8 lessons Apple is learning from 8 mobile health apps

03.11.2015
There's an app for...what Asthma Epilepsy Autism

After first telling folks nearly six years ago that "there's an app for that," Apple is now working with big name university medical schools and development partners on apps for eight different maladies. Many thousands of iPhone users have already downloaded these apps from Apple's App Store. Meanwhile, Apple and its prestigious partners are learning valuable lessons about the types of features iPhone owners will happily use in the interests of getting healthier.

[ Related: ResearchKit at 6 months: 100,000 people now using medical apps ]
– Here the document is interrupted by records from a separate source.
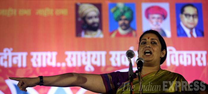 Ahead of the Assembly polls, HRD Minister Smriti Irani addressed a public meeting for BJP candidates in Kolhapur on Wednesday (October 8). (Source: Express photo by Prashant Nadkar)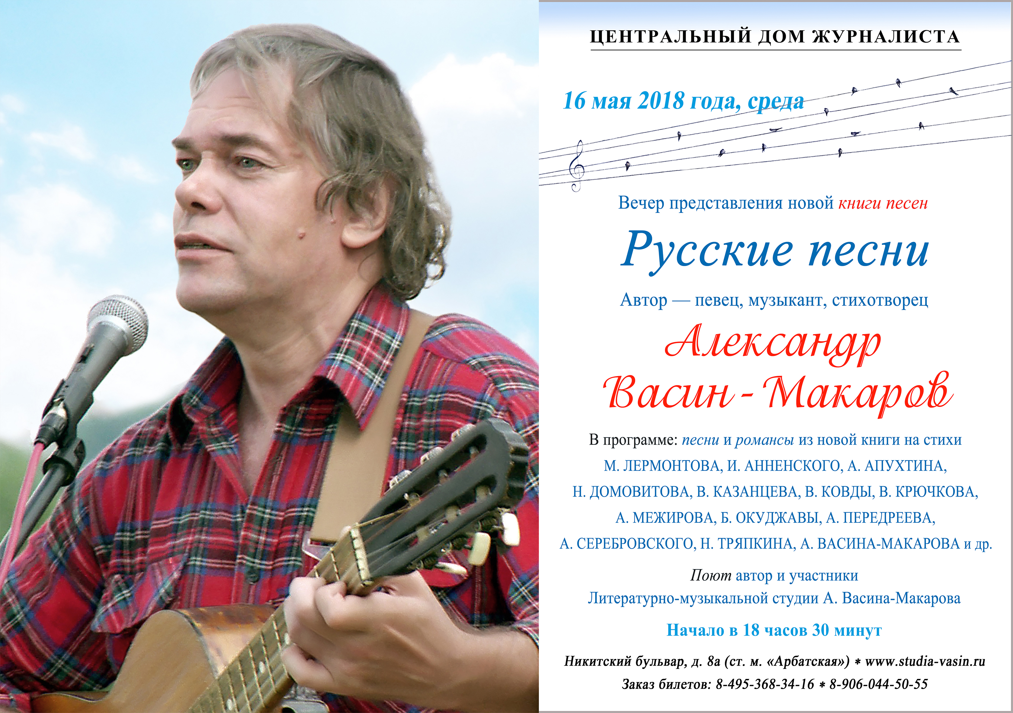 Как договаривались, размещаю информацию и еще раз приглашаю Вас на вечер Литературно-музыкальной студии Александра Васина-Макарова "Русские песни". Вечер состоится 16 мая 2018 г. в Центральном доме журналистов в 18.30.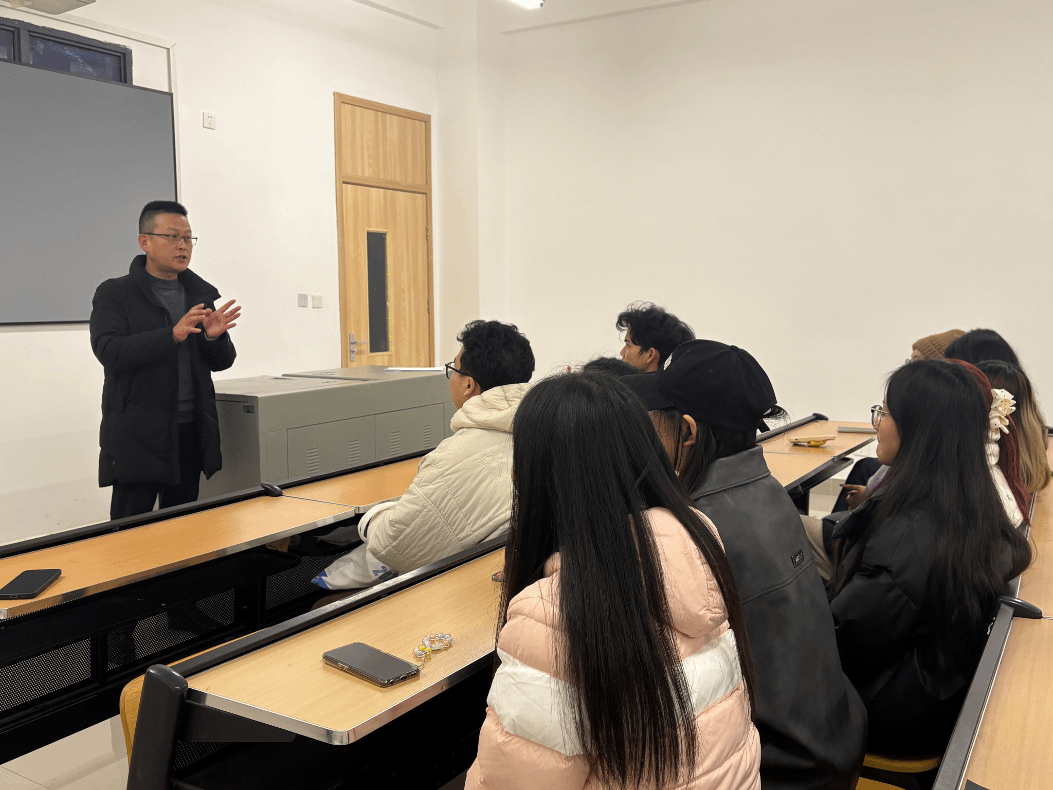 随后,邓部长与同学们进行了亲切深入的交流。从学生成长成才的全局出发,重点围绕学业发展和生涯规划给予指导。邓部长指出,同学们在扎实学好专业知识的同时,应主动了解本专业的发展前沿与就业趋势,结合个人兴趣与特长,科学规划未来发展路径。他表示,将作为同学们成长路上的支持者,随时欢迎大家就学业困惑、生涯选择等话题进行交流,并尽力提供帮助。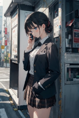 solo, little girl, make a call, Public phone booth, pay phone, outdoor, perfect anatomy, masterpiece, absurdres, best quality, intricate details, best quality, 8k, best aethetic, beautiful art, ultra-detailed, ((kawaii)), cute, open mouth, smile, Twoheadshigh,,,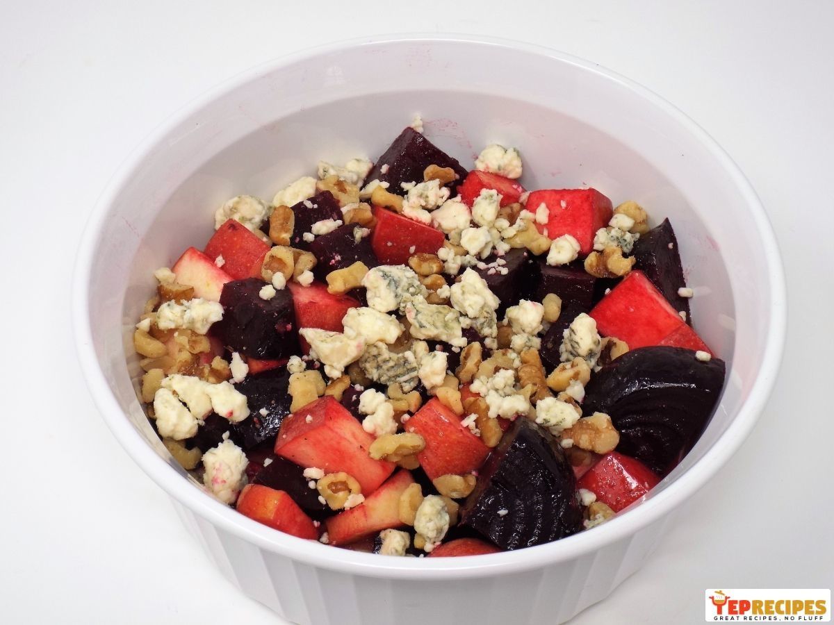 Roasted beets and apples tossed in olive oil, salt, and pepper then topped with walnuts and blue cheese.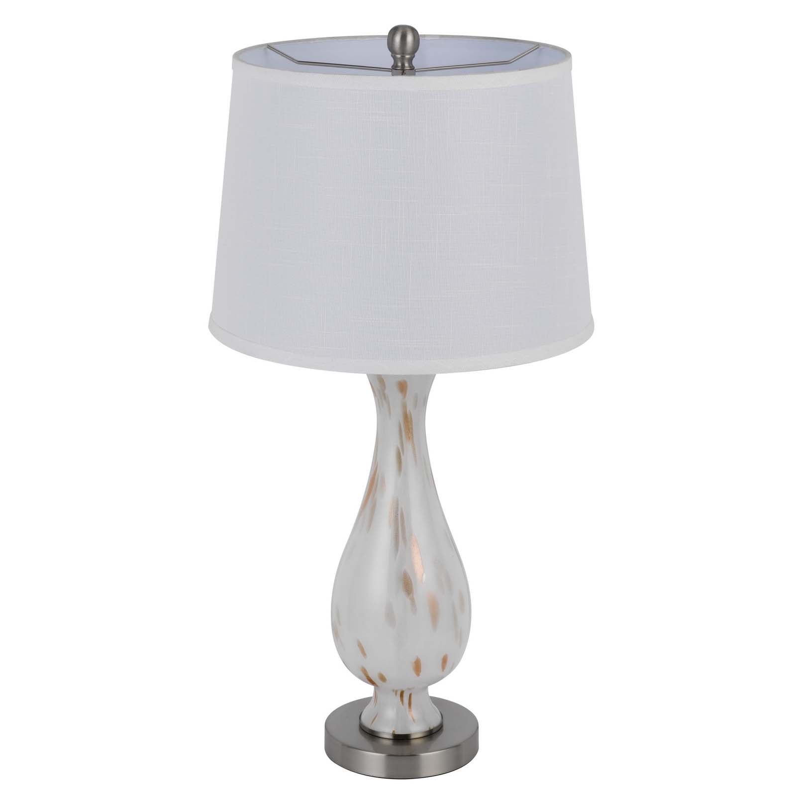 The BO-3172TB-2 Abinger glass table lamp set offers an elegant lighting solution with a touch of artistry. Featuring a frosted white glass base adorned with metallic copper streaks, this durable lamp stands out with its unique design. Equipped with a convenient three-way rotary switch, this lamp supports a maximum wattage of 150W across two lights (bulbs not included), and includes matching round hardback fabric shades. Each lamp measures 15.80 inches in width and 20.30 inches in height, making it suitable for various room settings. This pair ships complete in one carton and comes with a one-year warranty, ensuring quality and satisfaction.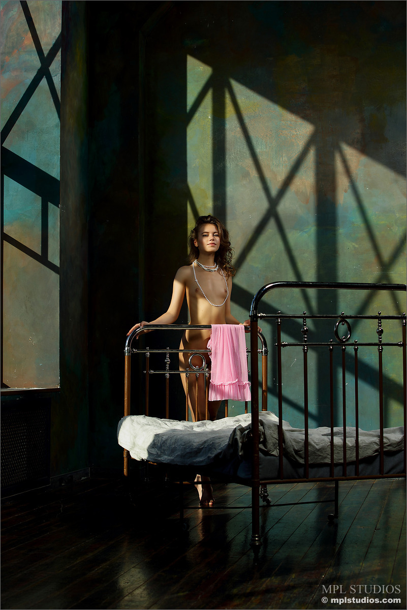 Cute brunette girl Kara from Russia, she shows her sexy young body - bald pussy and small tits in Room To Move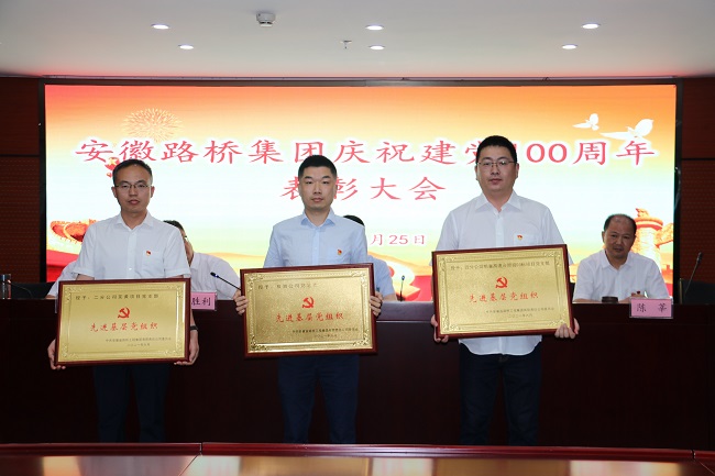 為進一步表彰先進、樹立典型、激發干勁,6月25日上午,安徽路橋集團黨委召開慶祝建黨100周年表彰大會,集中表彰了一批先進基層黨組織、優秀共產黨員和優秀黨務工作者。公司領導班子成員、子分公司黨政主要負責人、黨群部門負責人、受表彰人員及公司機關全體黨員參加會議。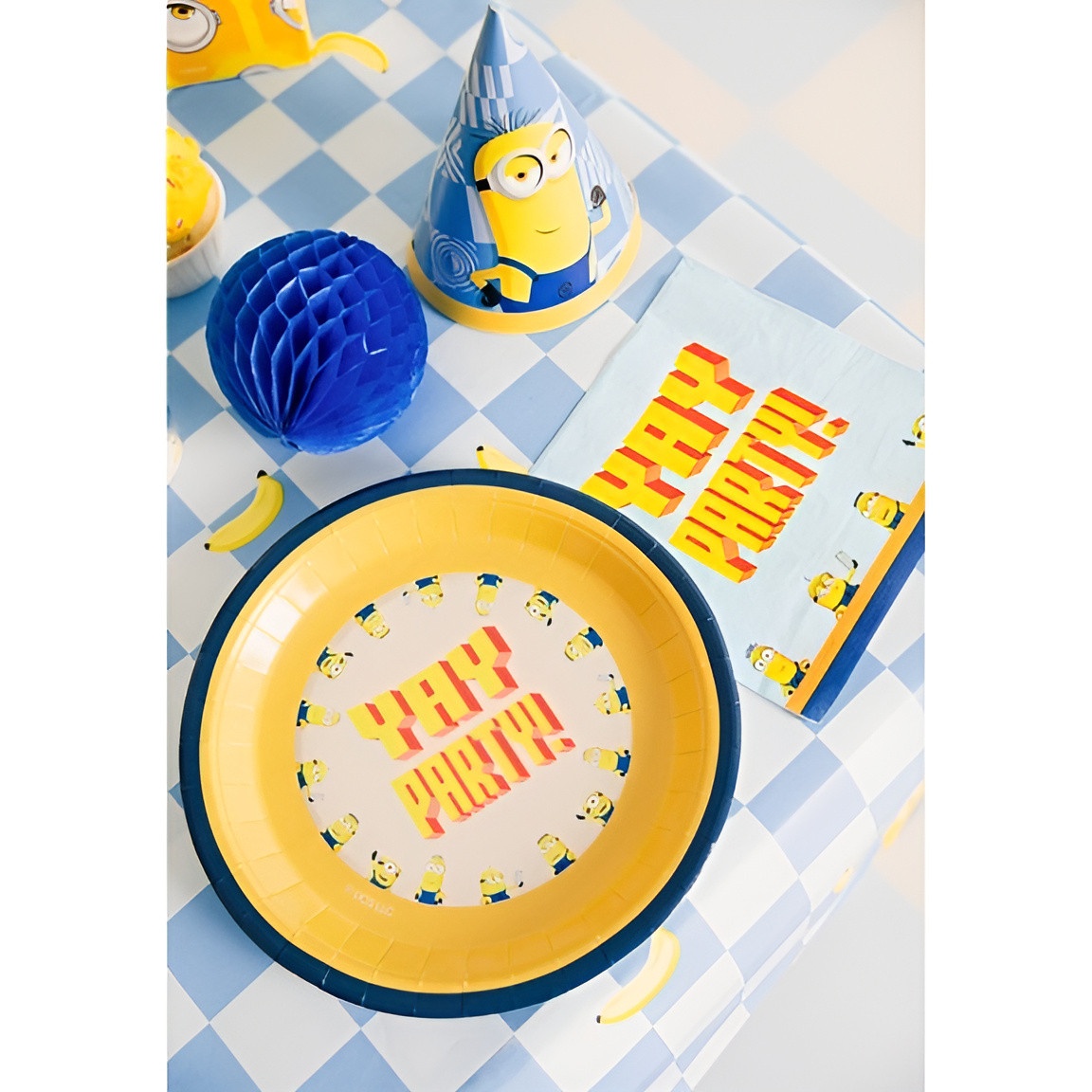 Piatti usa e getta con il divertente design dei Minions e la scritta Yay Party!.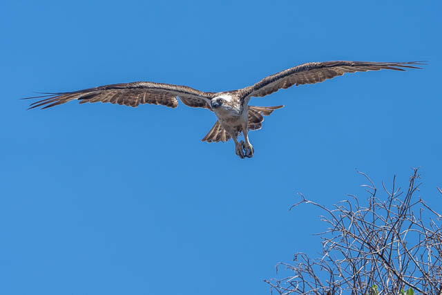 Then the female Osprey decided to fly. It went for a short fight, around a loop, then returned to the top of the nest.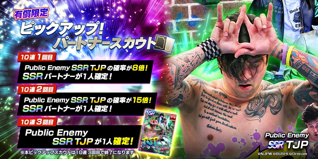 ●新規SSRパートナーが登場!SSR「[Public Enemy]TJP」をピックアップしたパートナースカウトを開催!

Apple and its university colleagues released the first set of these medical apps -- for asthma, Parkinson's disease, diabetes, breast cancer, and heart disease -- in March of 2015, following on in mid-October with new apps for autism, epilepsy, and a potentially deadly form of skin cancer known as melanoma.

All of these apps are built on Apple's ResearchKit, an "open source development framework" that lets software developers create disorder-specific apps that work with the iPhone's HealthKit and hardware sensors aboard the phone.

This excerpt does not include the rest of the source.